## Brief
From the listing below, extract each entry exactly as written, minus the images.

## Provided records
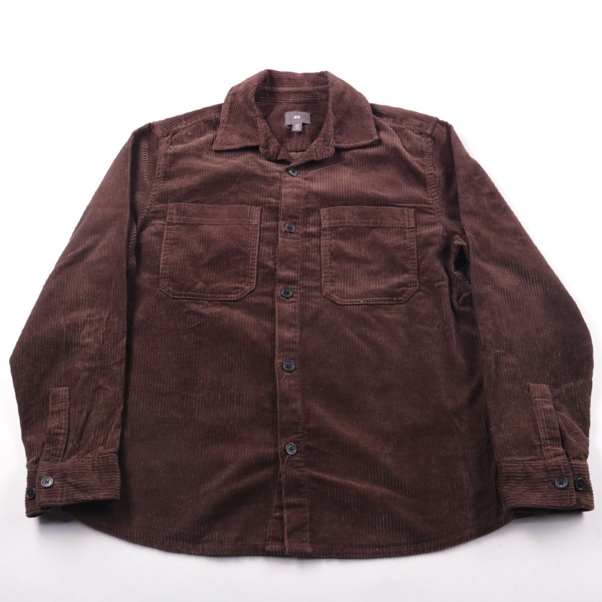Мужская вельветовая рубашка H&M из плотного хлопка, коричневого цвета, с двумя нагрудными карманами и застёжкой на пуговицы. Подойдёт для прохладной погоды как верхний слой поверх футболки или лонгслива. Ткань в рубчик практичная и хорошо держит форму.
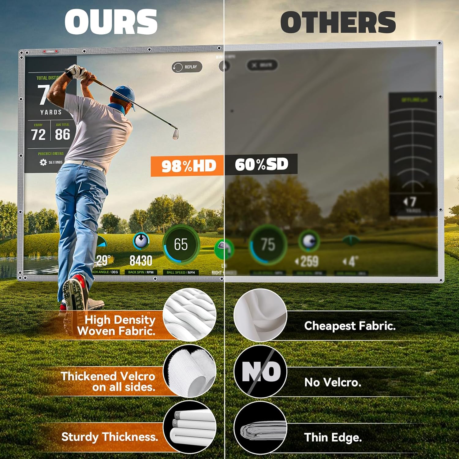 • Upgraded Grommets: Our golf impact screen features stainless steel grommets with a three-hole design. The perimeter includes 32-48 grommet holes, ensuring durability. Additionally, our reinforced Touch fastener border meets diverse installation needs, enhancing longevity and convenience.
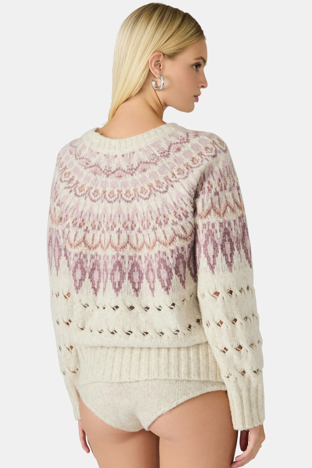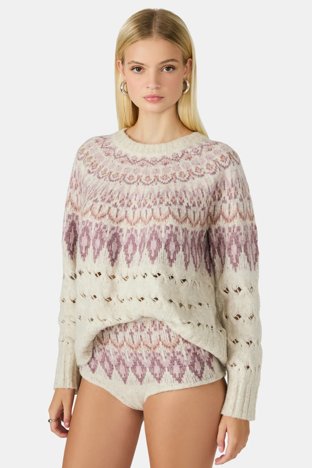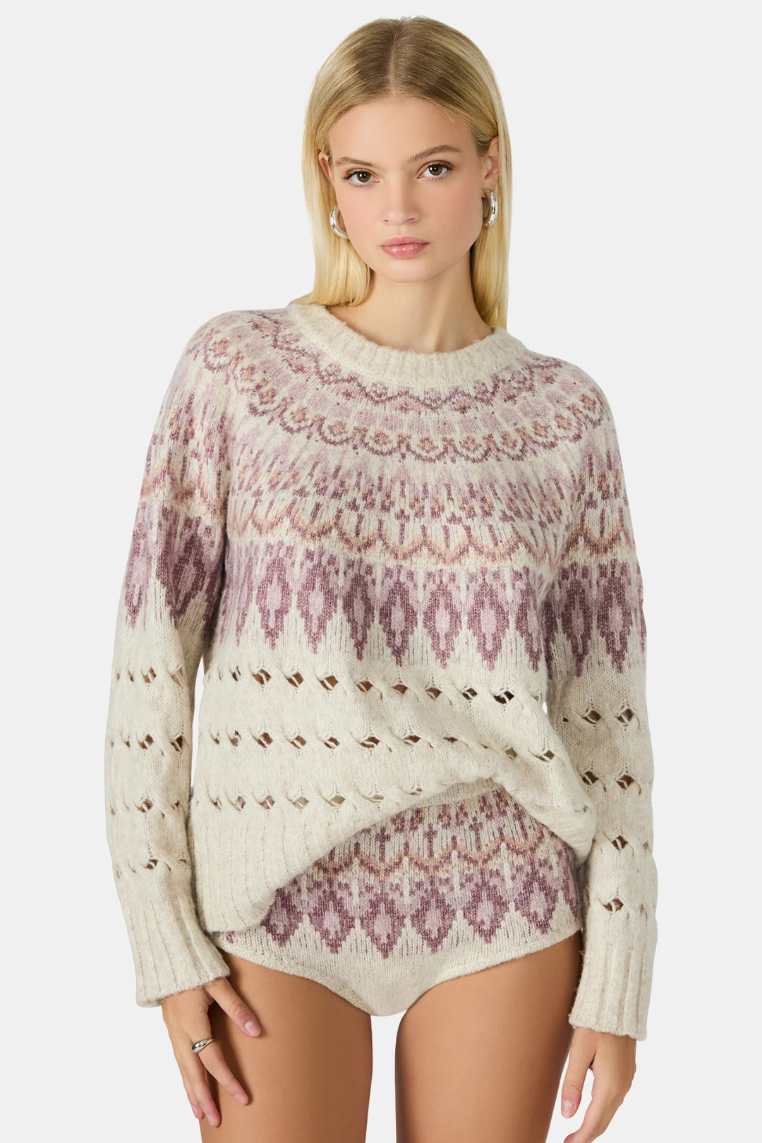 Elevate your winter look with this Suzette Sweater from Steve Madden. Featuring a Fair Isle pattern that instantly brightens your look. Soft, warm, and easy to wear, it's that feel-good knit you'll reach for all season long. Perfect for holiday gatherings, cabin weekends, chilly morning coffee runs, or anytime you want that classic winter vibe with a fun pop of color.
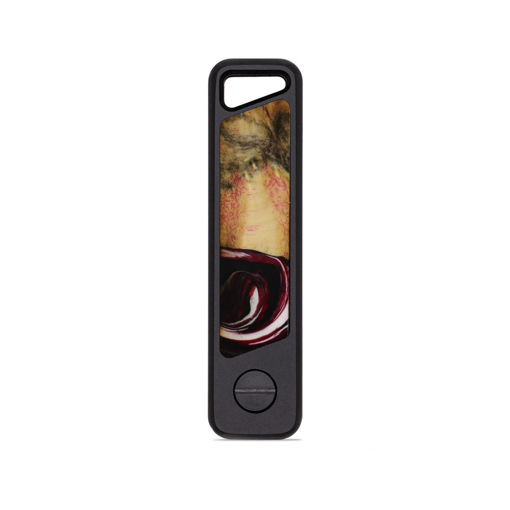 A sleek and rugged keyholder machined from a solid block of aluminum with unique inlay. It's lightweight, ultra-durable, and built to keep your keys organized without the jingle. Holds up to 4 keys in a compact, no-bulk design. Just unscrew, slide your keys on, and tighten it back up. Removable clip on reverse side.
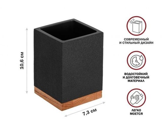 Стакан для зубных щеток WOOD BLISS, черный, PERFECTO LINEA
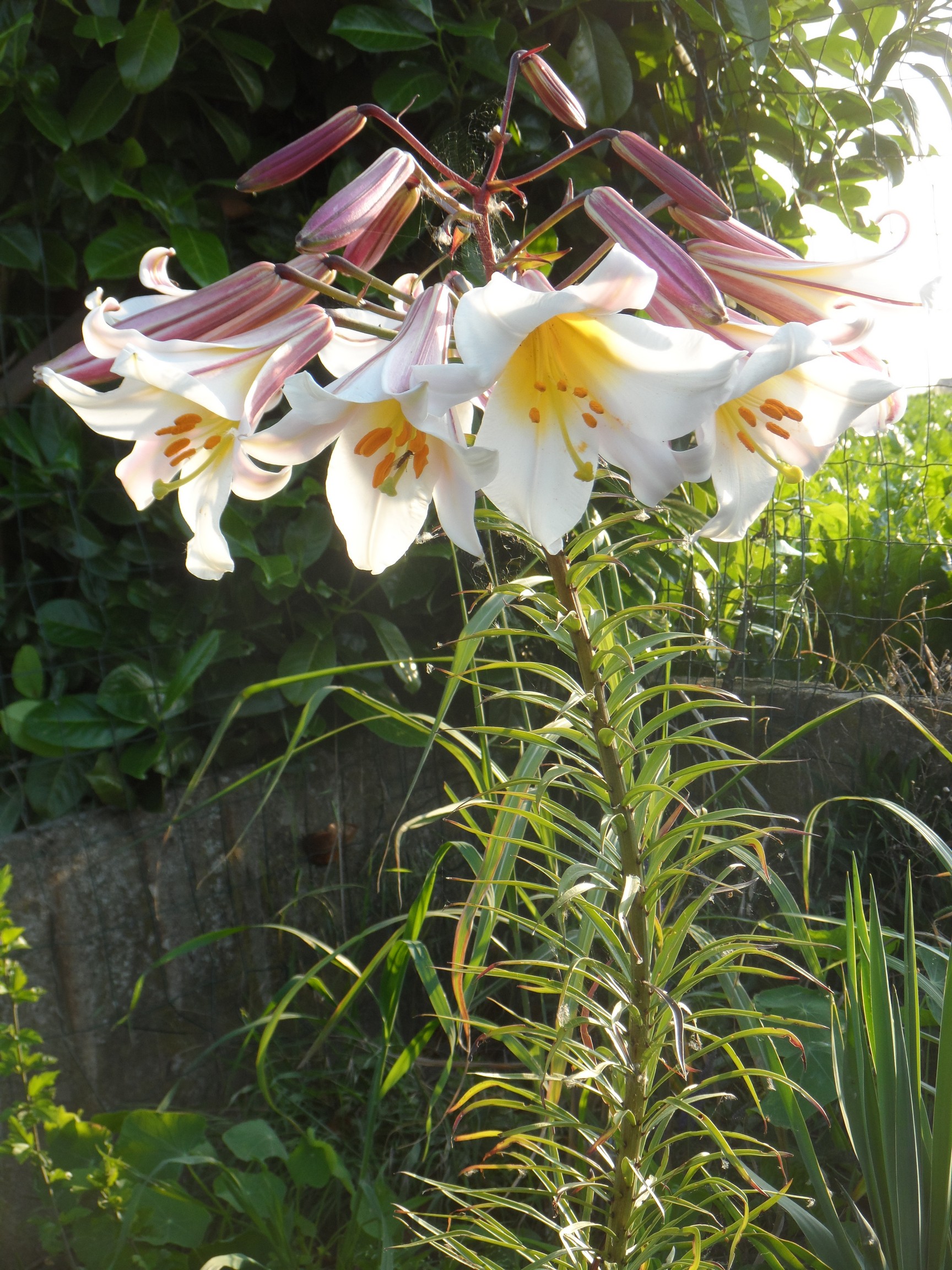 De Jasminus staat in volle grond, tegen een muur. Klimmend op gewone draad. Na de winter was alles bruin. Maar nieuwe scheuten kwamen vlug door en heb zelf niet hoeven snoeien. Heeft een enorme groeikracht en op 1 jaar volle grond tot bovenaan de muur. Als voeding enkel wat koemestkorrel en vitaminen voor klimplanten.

## Task response
Мужская вельветовая рубашка H&M из плотного хлопка, коричневого цвета, с двумя нагрудными карманами и застёжкой на пуговицы. Подойдёт для прохладной погоды как верхний слой поверх футболки или лонгслива. Ткань в рубчик практичная и хорошо держит форму.
 • Upgraded Grommets: Our golf impact screen features stainless steel grommets with a three-hole design. The perimeter includes 32-48 grommet holes, ensuring durability. Additionally, our reinforced Touch fastener border meets diverse installation needs, enhancing longevity and convenience.
 Elevate your winter look with this Suzette Sweater from Steve Madden. Featuring a Fair Isle pattern that instantly brightens your look. Soft, warm, and easy to wear, it's that feel-good knit you'll reach for all season long. Perfect for holiday gatherings, cabin weekends, chilly morning coffee runs, or anytime you want that classic winter vibe with a fun pop of color.
 A sleek and rugged keyholder machined from a solid block of aluminum with unique inlay. It's lightweight, ultra-durable, and built to keep your keys organized without the jingle. Holds up to 4 keys in a compact, no-bulk design. Just unscrew, slide your keys on, and tighten it back up. Removable clip on reverse side.
 Стакан для зубных щеток WOOD BLISS, черный, PERFECTO LINEA
 De Jasminus staat in volle grond, tegen een muur. Klimmend op gewone draad. Na de winter was alles bruin. Maar nieuwe scheuten kwamen vlug door en heb zelf niet hoeven snoeien. Heeft een enorme groeikracht en op 1 jaar volle grond tot bovenaan de muur. Als voeding enkel wat koemestkorrel en vitaminen voor klimplanten.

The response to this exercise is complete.